1. Re:Ulterior Motives by Short+Circuit · 2007-03-18 09:00 · Score: 5, Informative
  
  No, the benefit here seems to be less for the end-users deploying the service and more for whoever google then turns around and sells the massive amounts of correlated information to. For instance, let's see every bit of data about a specific user so we can see everything from each search he does to his entire browsing trail. Bet we could sell that for a lot of money! You've got it backwards...statistics aren't useful when you zoom in to focus on individuals, they're useful when you zoom out to focus on groups. Marketing is rarely about selling to an individual, but to selling to masses. Individuals have too many quirks and preferences to make per-individual marketing efforts worthwhile. Why spend all that effort to gaurantee a sale to one individual, when you can spend the same amount to sell to two or three persent of a group of a few thousand?
  
  "Targeted" advertisements are still group-based efforts. Your individual browsing history is only valuable up to the point where you can be lumped into a marketing stereotype.
  
  About ten years ago, I went online searching for prices on printer ribbons for an IBM Proprinter II. The email address I supplied one website is still receiving spam from that one encounter, not for Proprinter ribbons, not for dot matrix supplies, but for inkjets and toner cartridges. I got lumped into a "shops for printer supplies online" marketing group; nobody's ever sent me an offer for supplies for my Proprinter II. (Though, once he found out I had a use for it, a guy handed me a box of 8.5"x11" tractor feed paper yesterday.)
  
  --
  tasks(723) drafts(105) languages(484) examples(29106)
What does it do? by dour+power · 2007-03-18 08:05 · Score: 5, Informative

Neither article nor summary explain what Trendalyzer actually does. The animated mapping of stats at http://tools.google.com/gapminder is a little more illustrative.
1. Re:What does it do? by ghoti · 2007-03-18 08:16 · Score: 5, Informative
  
  If you want to know what this is about, watch Hans Rosling's ("the professor") excellent talk.
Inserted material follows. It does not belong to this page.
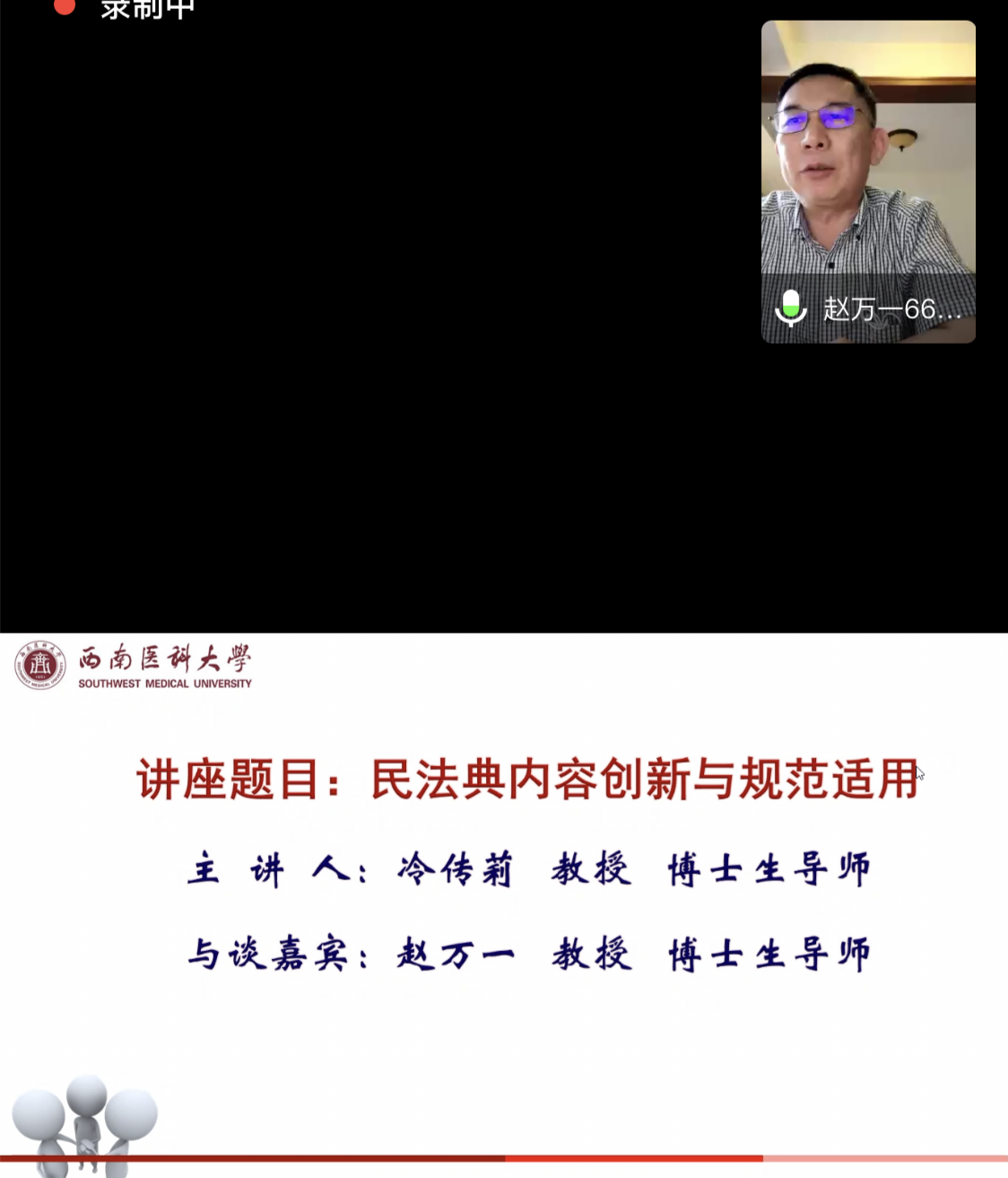7月16日下午,我校邀请到贵州大学法学院院长、二级教授、博士生导师、国务院特殊津贴专家冷传莉教授,通过腾讯会议平台为我校师生作了题为《<民法典>的内容创新与规范适用》的在线专题讲座。讲座由党委书记廖斌主持。

This is about bringing lots of data that were collected with public money online so they can actually be used. Rosling uses simple but effective visualization tools (and is a great speaker) to get people interested in the data.
  
  --
  EagerEyes.org: Visualization and Visual Communication
2. Re:What does it do? by ghoti · 2007-03-18 08:25 · Score: 4, Interesting
  
  This has nothing at all to do with the CIA World Factbook. This is not just about collecting data (which it does, of course, and more data over longer time than the Factbook), but about understanding the world through that data. A collection of data is worthless if it isn't used to figure out how to help people in Africa, for example. Rosling shows very clearly that Africa isn't just starving children, and that development aid therefore must be adapted to the exact population it is for. He also has a lot of interesting things to say about the developments in Asia, how health care and economy are connected, etc.
  
  Don't dismiss this without knowing anything about it.
  
  --
  EagerEyes.org: Visualization and Visual Communication
If this was developed with public money... by ciggieposeur · 2007-03-18 08:15 · Score: 4, Insightful

...why isn't it already in the public domain?
1. Re:If this was developed with public money... by ciggieposeur · 2007-03-18 09:28 · Score: 4, Interesting
  
  could you give us any insight into why you think it would be in the public domain?
  
  The law regarding software and publicly-funded inventions has not always been as it is now. It used to be the case that most significant publicly-funded software HAD to be in the public domain, which AFAIK is why we have the BSD license today. Also witness early versions of Gaussian (quantum chemistry).
  
  These days lots of 100% publicly-funded software is not automatically released to the public domain but instead held ransom by the author or university with a separate license permitting unlimited government use. This directly affects me: essentially ALL of the current quantum chemistry code that produces publishable results is no longer free for everyone to use. Though most programs come with source (the have to for some of the systems we need to run it on), their license restrictions are very onerous for developers: only the PI can register to download it, or it costs 5000 euros per seat, or it cannot be ported to other platforms, etc. One program even revokes licenses from academics who use competing software in the same domain! And this almost ALL software written by tenured professors and their graduate students funded from government grants.
  
  I think we all did much better with the old formula. University-developed code should be available for everyone to use, even if that means someone can later come along and compete with a closed-source version.
  
  I'm curious if the Swedish system more closely resembles the current USA system or the old USA system.
People Do Things For Different Reasons by hduff · 2007-03-18 08:30 · Score: 5, Insightful

Lot's of people have great ideas that never reach fruition for reasons that have nothing to do with them. And sometimes, those ideas can take off and be promoted for reasons that have nothing to do with them. Often these things offend our sense of fairness.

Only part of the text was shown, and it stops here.